For years I had walked about in complete obliviousness to the deepening crisis. Herds of workers marched through the streets, parading their grievances. Speakers harangued the crowded parks with the details of their scheming. The police fired on demonstrators of the right and left. The universities were set aflame with struggle. The government tottered back and forth from year to year, groping toward some ill-defined stability.

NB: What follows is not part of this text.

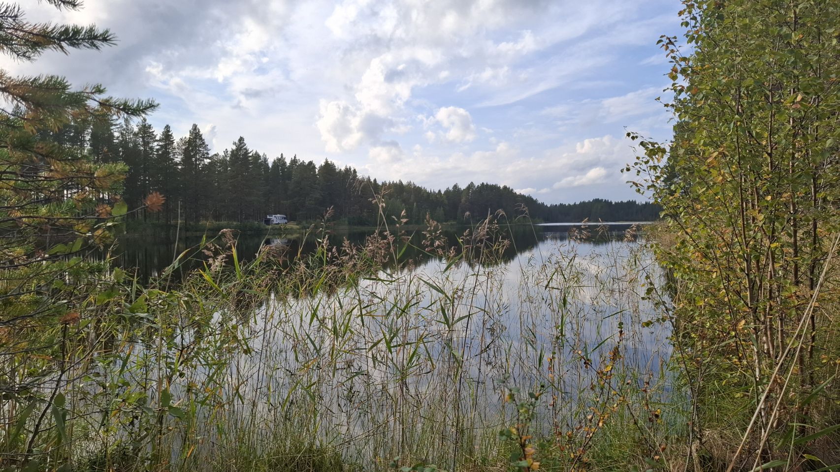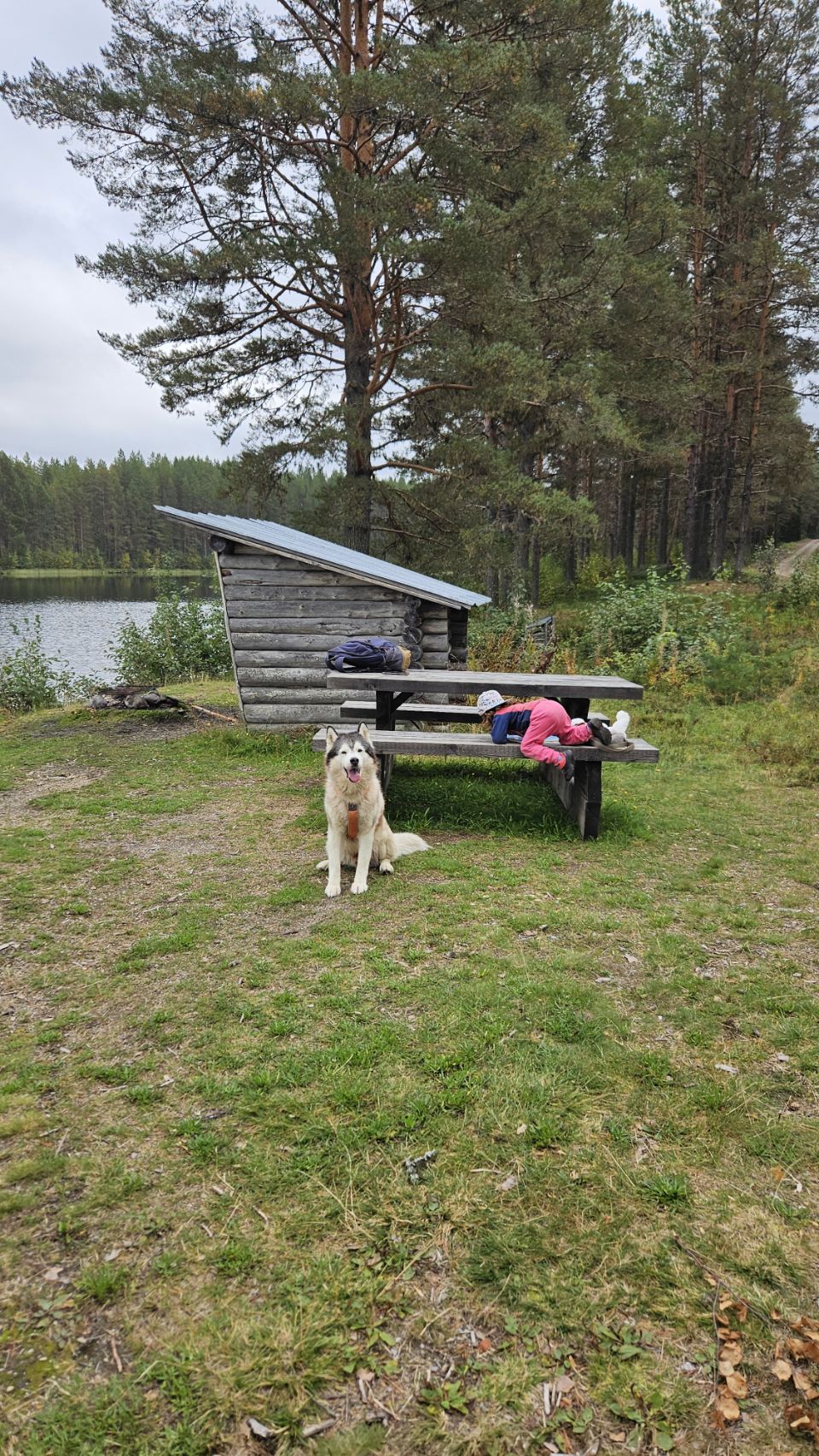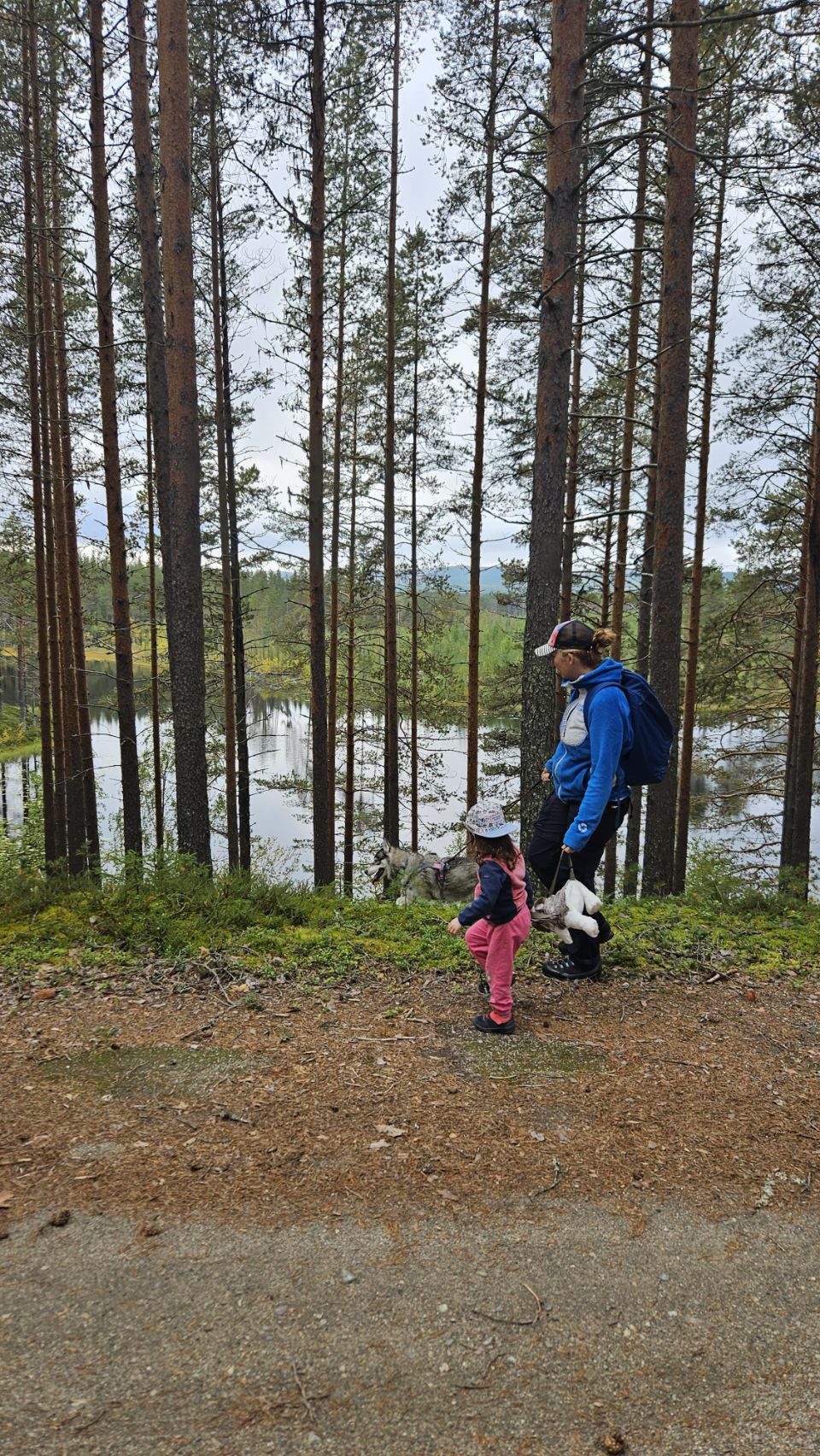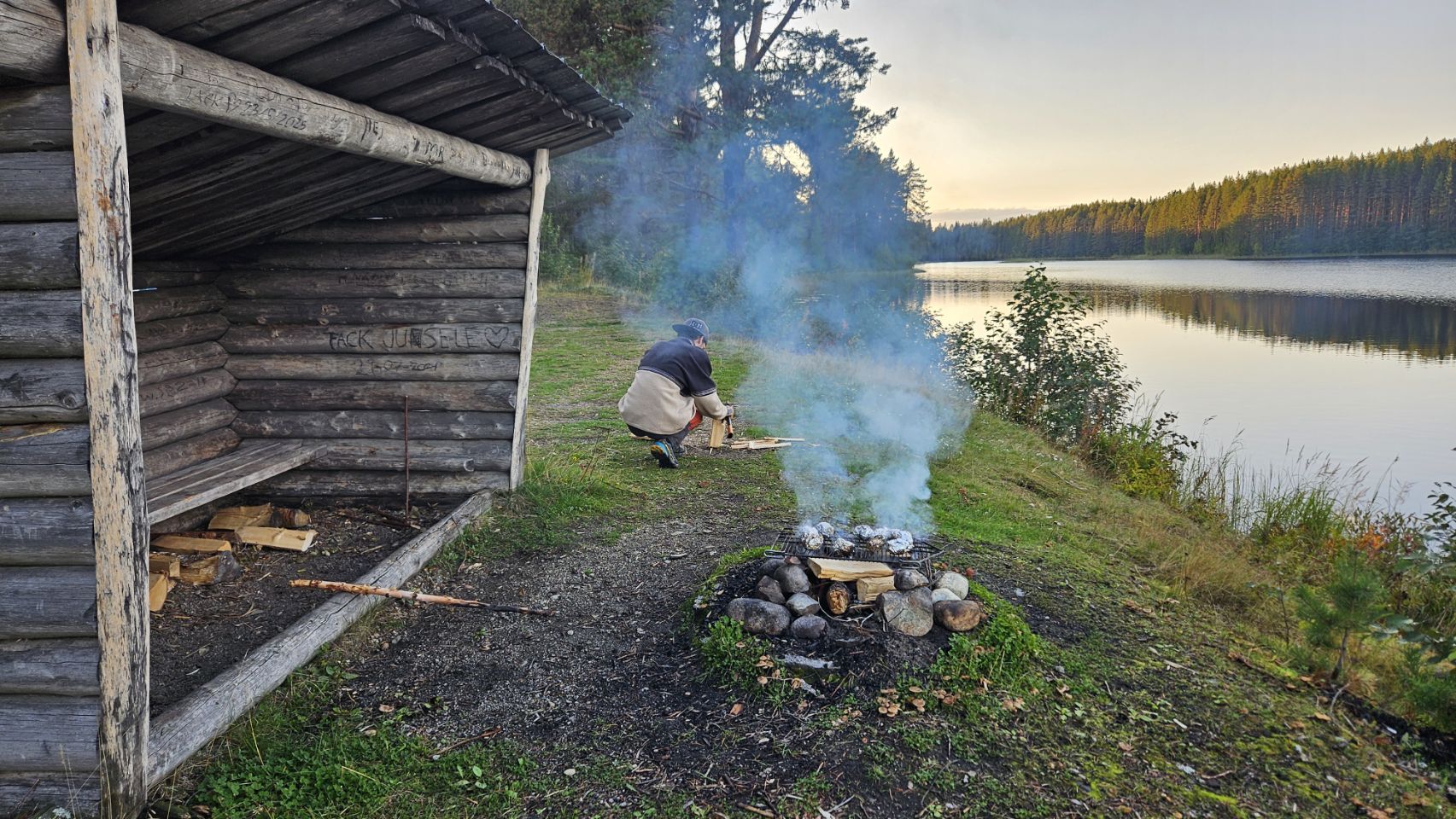 Nous arrivons en fin de journée à Långvattnet. Le spot est superbe : seuls au bord de l’eau, presque les pieds dans le lac. À peine installés, nous lançons le barbecue. Lou se régale à ramasser du bois pour le feu et nous aider, un vrai petit rituel qui rend le moment encore plus joyeux.

Prices soared, along with unemployment. Production collapsed. The old symbols lost their power to seduce, and by that means, control. Through all of this I had walked without the slightest care. But now the times had finally touched me, blotted out a brilliant romance, snatched blonde Anna from her knight’s protection.
“You can’t be serious,” I said. “What do you mean, move away?”
“I have no choice.”
“You can’t move away.”
“It’s not me,” Anna said. “It’s my father. We have to move.”
“No you don’t,” I said desperately. “Let him go. You can stay here. We can get married.”
“We can’t get married,” Anna said softly. She touched my face. “It’s no use.”
She took my hand and we began to stroll across the park. A great stone statue of Frederick the Great loomed ahead of us. He seemed to watch us mournfully.
“We have to do something, Anna,” I said.
“There’s nothing we can do. We can’t get married. You don’t have a job any more than my father does.”